Retailers make the refueling process simple and convenient, and, depending on the size of the fleet, can set up one of two refueling methods: a cylinder exchange program or the installation of on-site refueling infrastructure. In a cylinder exchange program, the propane retailer delivers full propane cylinders and collects used ones from a contractor’s rack as many times during the week as needed. On-site refueling infrastructure allows contractors to refuel their own propane cylinders from their own bulk tank.


Upfront costs of acquiring cylinders or installing infrastructure are another typical concern for contractors. However, retailers can offer solutions to help cover costs, including writing the price of spare cylinders or refueling infrastructure into a fuel contract to be amortized over a longer period of time. Additionally, federal tax credits can recoup up to $30,000 or 30 percent of the total cost of installing on-site infrastructure and refueling dispensers. Landscapers interested in learning more about state and federal incentives can consult the Alternative Fuels Data Center (www.afdc.energy.gov/laws) and the IRS (www.irs.gov).

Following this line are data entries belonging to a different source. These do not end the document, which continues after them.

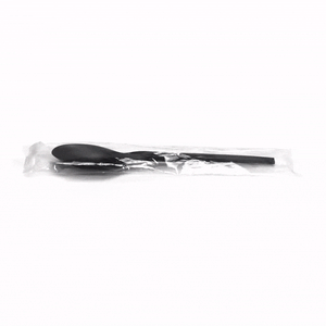 BLACK CPLA PLASTIC SPOON - WRAPPED, HEAT-RESISTANT, COMPOSTABLE
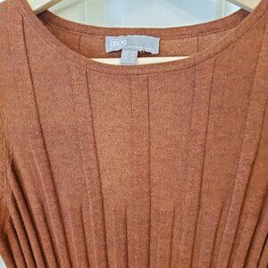 Rust orange brown ribbed long sleeve shift midi dress with side slits at the bottom for movement. Stretchy material. Perfect fall pumpkin spice vibes dress! In good used condition with no rips or stains.
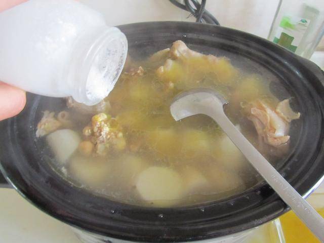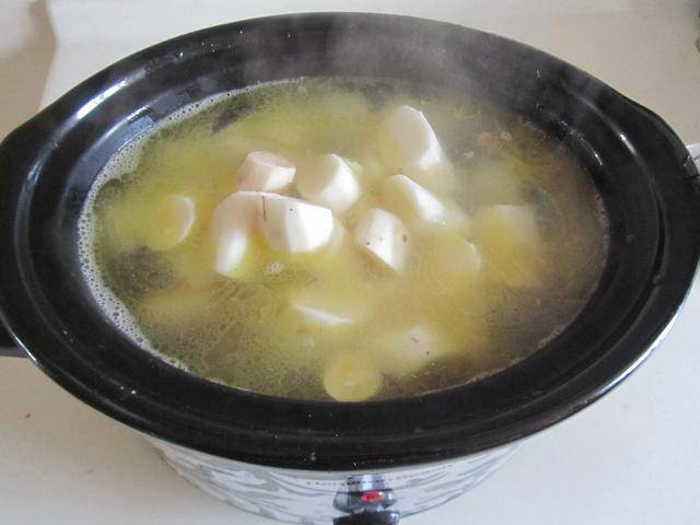 3. 炖煮约一个小时后,将准备好的铁棍山药段放进慢炖锅中继续炖煮;
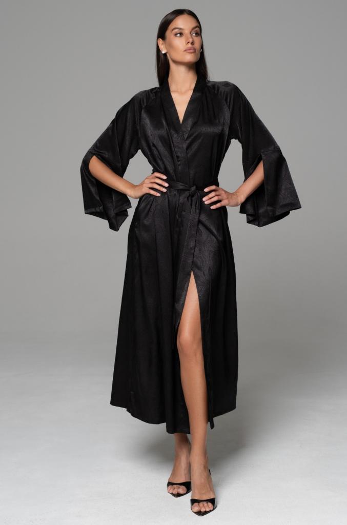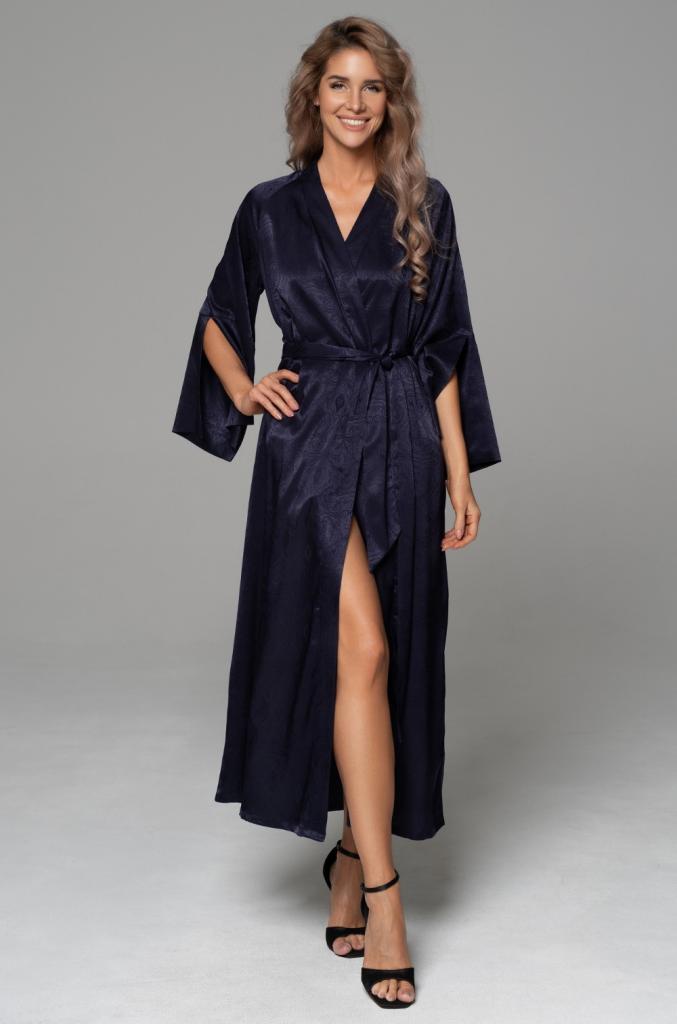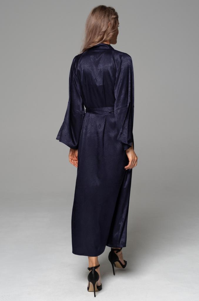 Длинный запашной халат Mia-Amore с длинным рукавом. Рукава дополнены разрезами. По бокам расположены карманы. Изделие выполнено из смесового шелкового жаккардового полотна. В комплекте широкий пояс.

Contractors should also keep in mind that propane-refueling stations are often the most cost-effective of all fuels. Propane requires minimal site prep and permit requirements and typically costs less over time than conventional fuel infrastructure.


 


Eliminate the risks of ethanol


Ethanol issues in the lawn and landscape industry are nothing new. Ethanol blends can harm fuel system components and performance in engines not designed to operate with the fuel. Hidden costs, such as increased fuel system maintenance and the need for fuel stabilizers, also cut into budgets.


Propane-dedicated small engines, on the other hand, do not require fuel stabilizers for storage, and the fuel doesn’t degrade over time. Because propane is stored in steel or aluminum propane cylinders and propane mowers have closed fuel systems, fuel spills and theft are also eliminated.


Accidentally refueling with ethanol-blended fuel is another rising concern for contractors running gasoline-powered equipment. With propane, there’s no confusion about which type of fuel to use in each piece of equipment. Propane cylinders are marked according to industry specifications. Mower cylinders have both a green-painted collar on the service end, differentiating them from forklift cylinders, as well as left-hand threaded valves, which only allow the cylinders to be used with propane mowers.


 


Transitioning your fleet


After a contractor understands the steps to adopting propane, the only thing left to do is transition to a one-fuel fleet. Many landscape companies have already converted to a one-fuel propane operation. Others have experienced the benefits of running propane mowers, and have decided to incorporate trucks and generators into the mix.


No matter a contractor’s brand preference, propane-autogas-fueled pickups and propane-fueled mowers and generators are available to suit every need. Propane has proven to be a total solution for contractors interested in greening their fleet while reducing expenses, and is a versatile, abundant fuel they can count on to efficiently power their operations for years to come.